Konon katanya menunggu itu sama tidak enaknya dengan jalan terus tiba-tiba menginjak kotoran ayam, nggak enak dan menyiksa. Apa lagi kalau pas masih seger-segernya. Maka dari itu kebanyakan orang paling tidak suka menunggu, apapun itu. Nunggu gajian, nunggu pesenan makanan di warung kaki lima, tapi sialnya abangnya lupa bikinin-kalau ini asli bikin kesel-sampai nunggu kepastian dari sang doi. Apesnya, Ayran sekarang mengalami hal itu. Menunggu kepastian dari polisi yang tidak kunjung memberi kejelasan di mana keberadaan Raxel. Padahal ini sudah lebih dari seminggu dari hari di mana adiknya menghilang.
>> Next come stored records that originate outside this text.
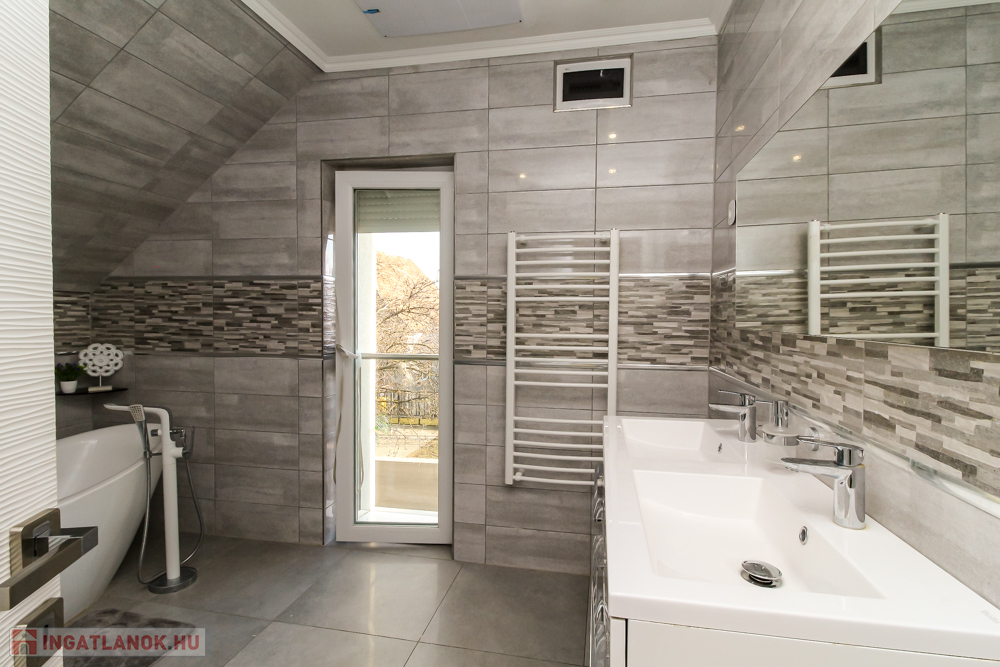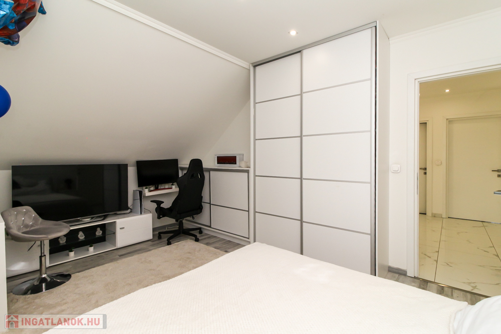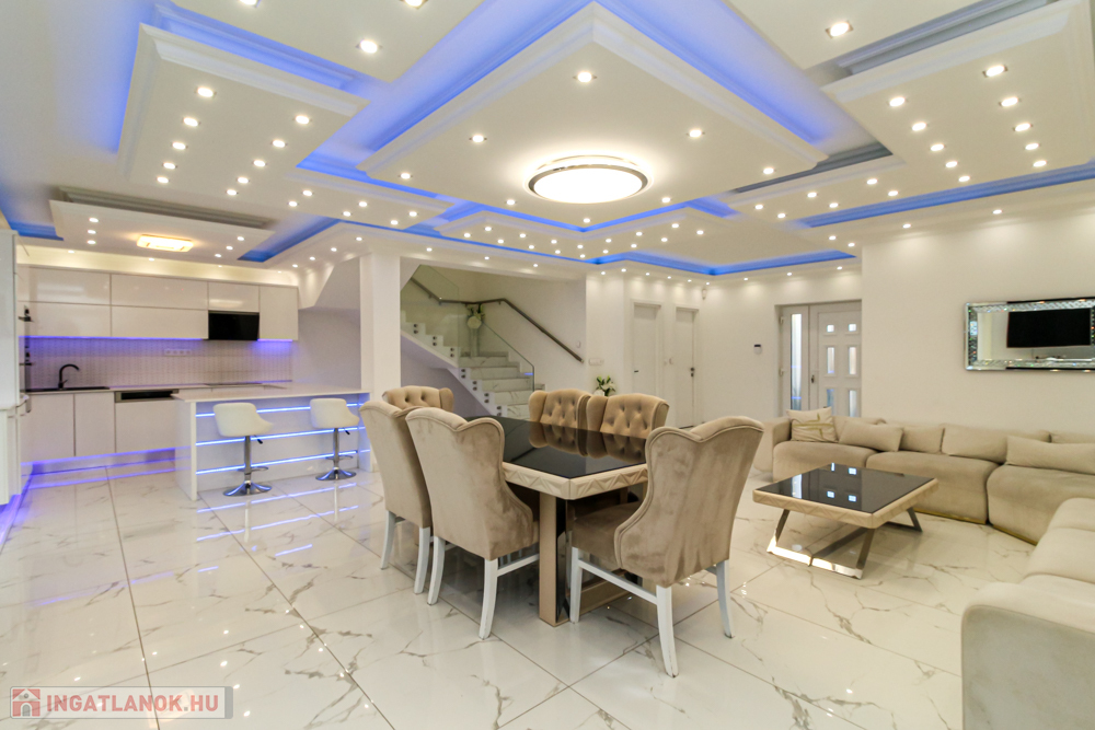 A sík telken fekvő családi ház kiemelkedik a kertváros többi ingatlanai közül külső megjelenésében, mégis visszafogott, nem hivalkodó. A bejárati ajtón belépve a 60 nm-es impozáns nyitott konyha nappali együttese tárul elénk, ami a belső nettó 172 nm-es kétszintes ház központja és kapcsolódik hozzá egy 17 nm kertre néző terasz.
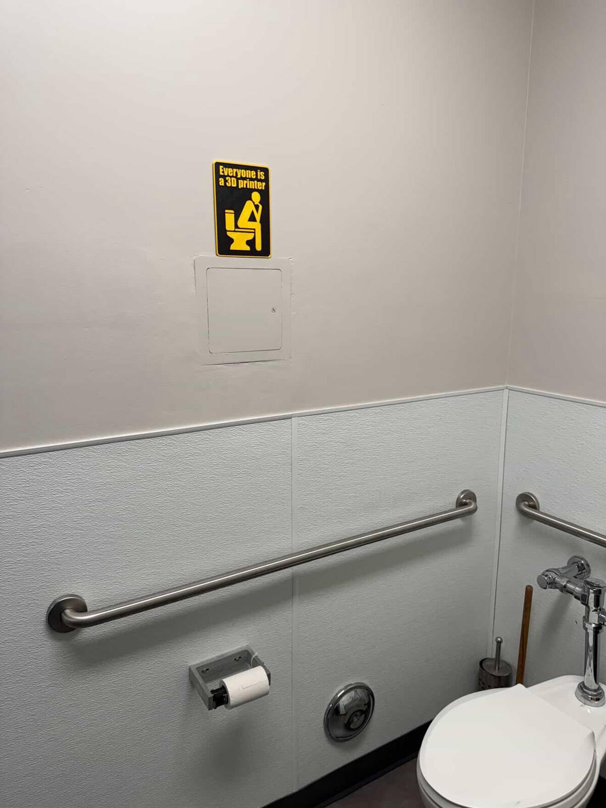 Never has a bathroom sign made me snort-laugh so quickly. A gentle reminder that, deep down, we’re all making “3D prints” in our own special way. There’s nothing like restroom wisdom to keep you humble and slightly uncomfortable.
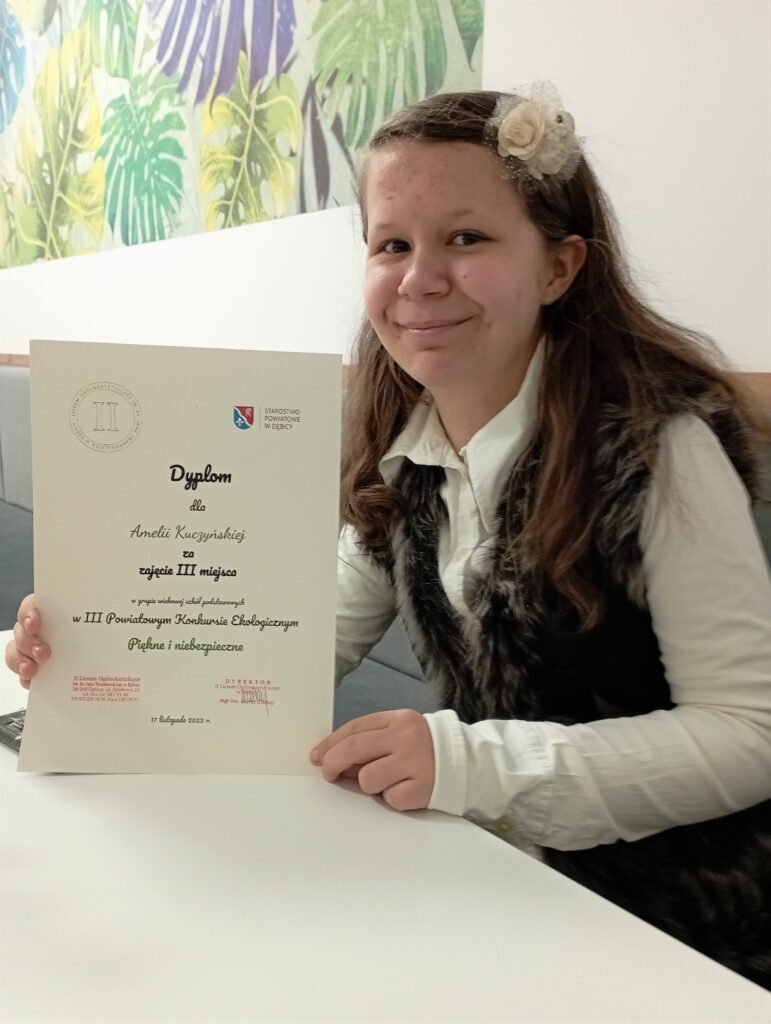 W konkursie wzięło udział 151 uczniów z całego powiatu. Z wielką radością informujemy, że wśród laureatów Powiatowego Konkursu Ekologicznego ” Piękne i niebezpieczne” III miejsce w kategorii szkół podstawowych zdobyła uczennica naszej szkoły Amelia Kuczyńska.
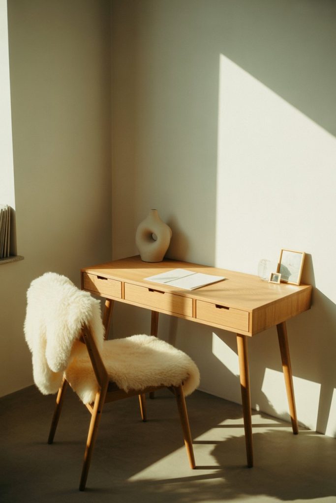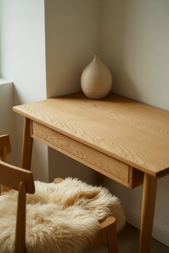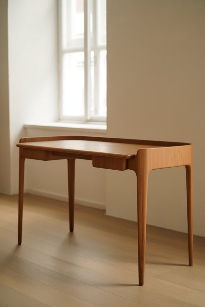 Clean lines, light woods, and functional simplicity define the Scandinavian approach to office desk design, making it a perennial favorite for Americans drawn to calm, uncluttered spaces. These desks typically feature oak or birch in natural or white-washed finishes, with slender tapered legs that create visual lightness even in compact rooms. The modern Scandinavian desk prioritizes what you need and eliminates what you don’t, often including just one or two slim drawers.
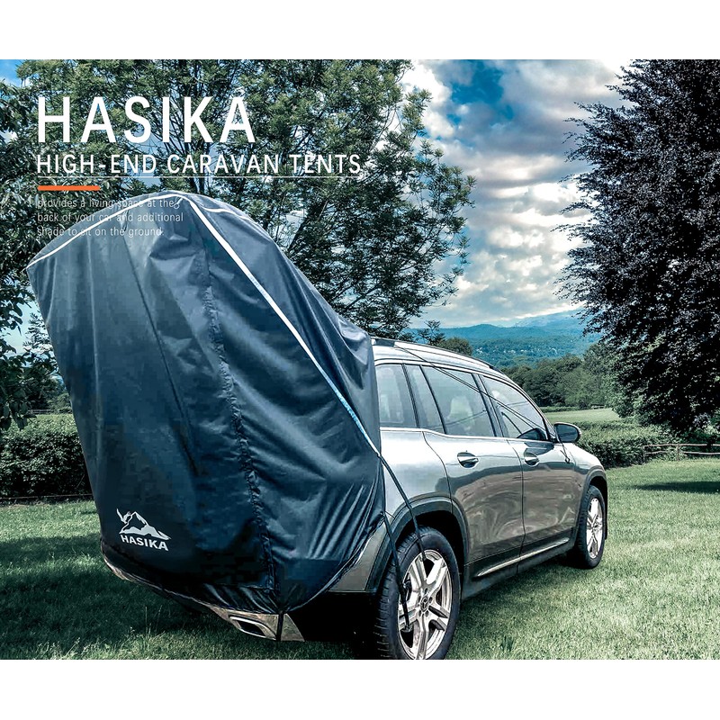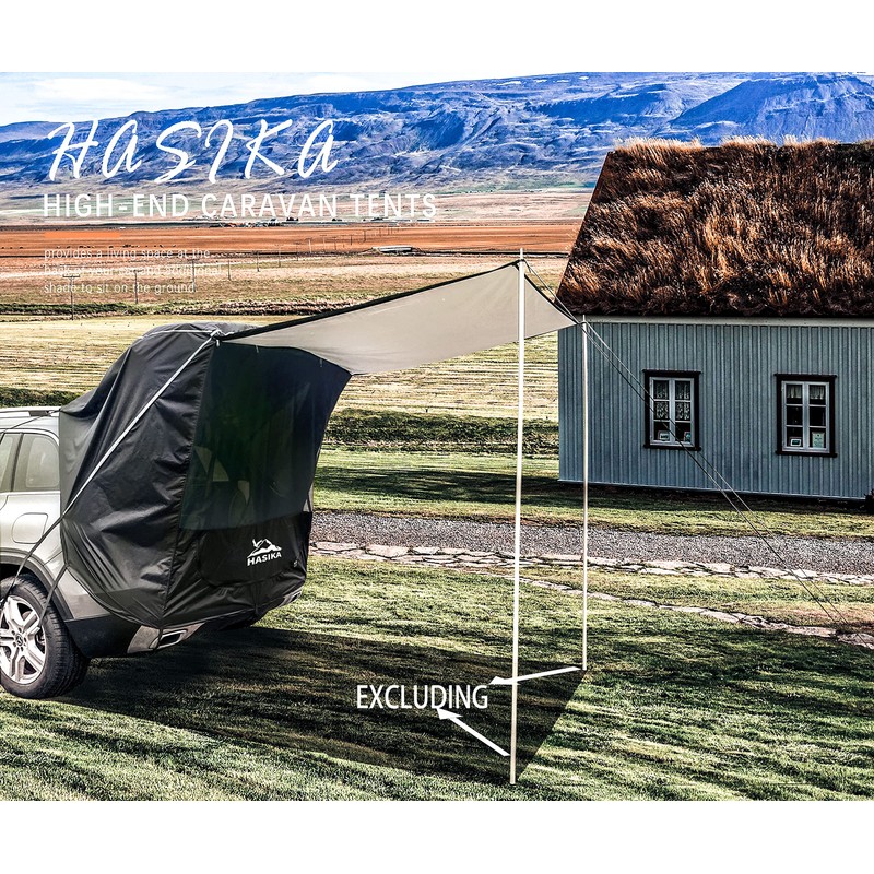 Hasika SUV Camping Tent Car Tailgate Shade Awning with Screen Net Waterproof 3000MM UPF 50+ Black (Large)

"Raxel belum ketemu." Ayran berujar dengan nada sedih pada Shiro yang ada di pangkuannya.
Gadis itu sedang duduk di teras halaman belakang untuk menenangkan pikirannya di sore hari. Melihat rimbun tanaman yang ada di halaman belakang selalu berhasil membuatnya lebih tenang. Ayah dan bunda sedang pergi ke rumah neneknya lagi. Dari minggu kemarin ke dua orang tuanya itu memang sering berkunjung ke sana. Neneknya adalah orang yang paling merasakan dampak dari kehilangan Raxel, sebagai anak tentu saja ayah dan bunda sudah berkewajiban untuk menenangkan wanita tua yang ia sayangi itu.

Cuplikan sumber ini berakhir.